Material for this exercise:
■ ■ ■ ■

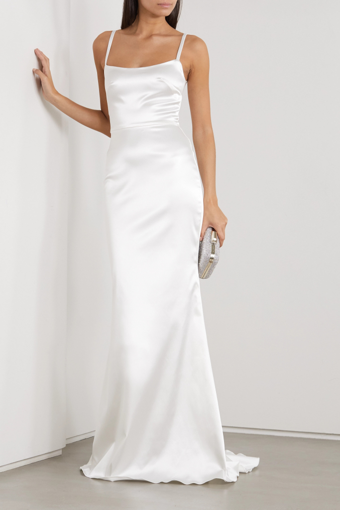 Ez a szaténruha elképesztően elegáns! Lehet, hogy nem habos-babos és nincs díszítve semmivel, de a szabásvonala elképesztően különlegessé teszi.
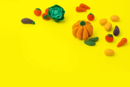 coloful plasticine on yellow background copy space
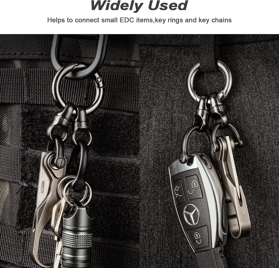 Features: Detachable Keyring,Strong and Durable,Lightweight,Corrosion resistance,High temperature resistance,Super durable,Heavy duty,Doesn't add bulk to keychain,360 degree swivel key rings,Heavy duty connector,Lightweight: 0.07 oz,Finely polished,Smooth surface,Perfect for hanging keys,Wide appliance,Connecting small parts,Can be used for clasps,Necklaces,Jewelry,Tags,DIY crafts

■ ■ ■ ■

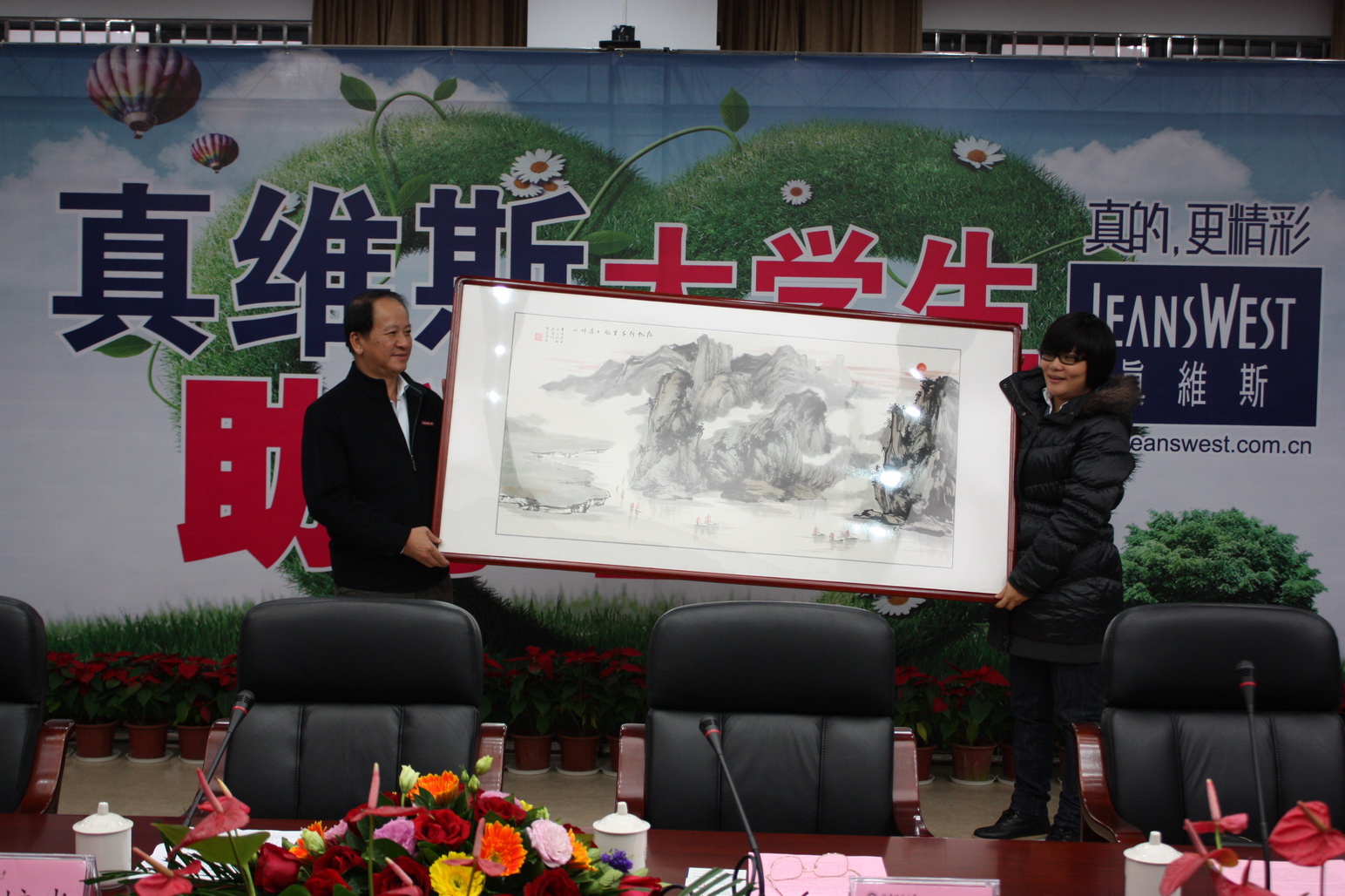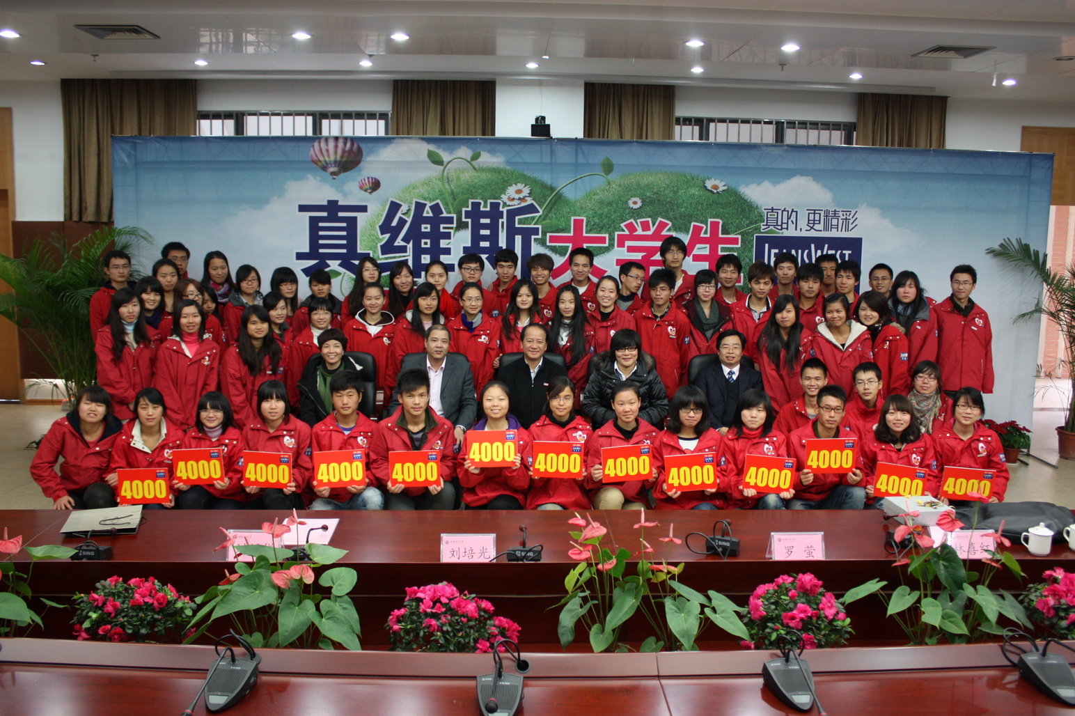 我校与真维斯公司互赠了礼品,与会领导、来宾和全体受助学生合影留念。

■ ■ ■ ■

Action item:
In the listing above, find the line with "coloful plasticine on" and the line with "Features: Detachable Keyring,Strong". Transcribe those two and everything between, exactly, leaving out pictures.

Answer:
 coloful plasticine on yellow background copy space
 Features: Detachable Keyring,Strong and Durable,Lightweight,Corrosion resistance,High temperature resistance,Super durable,Heavy duty,Doesn't add bulk to keychain,360 degree swivel key rings,Heavy duty connector,Lightweight: 0.07 oz,Finely polished,Smooth surface,Perfect for hanging keys,Wide appliance,Connecting small parts,Can be used for clasps,Necklaces,Jewelry,Tags,DIY crafts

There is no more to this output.